[Start of section]

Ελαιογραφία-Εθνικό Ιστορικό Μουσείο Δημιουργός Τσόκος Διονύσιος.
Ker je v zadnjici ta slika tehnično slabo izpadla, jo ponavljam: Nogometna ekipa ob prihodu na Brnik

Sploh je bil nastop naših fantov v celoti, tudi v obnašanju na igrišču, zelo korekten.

[End of section]
[Start of section]

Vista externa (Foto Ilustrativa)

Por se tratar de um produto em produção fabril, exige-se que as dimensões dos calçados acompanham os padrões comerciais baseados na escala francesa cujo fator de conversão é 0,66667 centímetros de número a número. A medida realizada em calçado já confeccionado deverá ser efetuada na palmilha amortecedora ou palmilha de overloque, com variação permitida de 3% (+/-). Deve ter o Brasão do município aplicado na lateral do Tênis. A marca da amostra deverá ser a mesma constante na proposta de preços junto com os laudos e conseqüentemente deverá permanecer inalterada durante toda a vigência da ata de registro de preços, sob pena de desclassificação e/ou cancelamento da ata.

[End of section]

Could you return exactly the lines above from the line with "Ker je v zadnjici" to the line with "Sploh je bil", both included, and nothing else?

Ker je v zadnjici ta slika tehnično slabo izpadla, jo ponavljam: Nogometna ekipa ob prihodu na Brnik

Sploh je bil nastop naših fantov v celoti, tudi v obnašanju na igrišču, zelo korekten.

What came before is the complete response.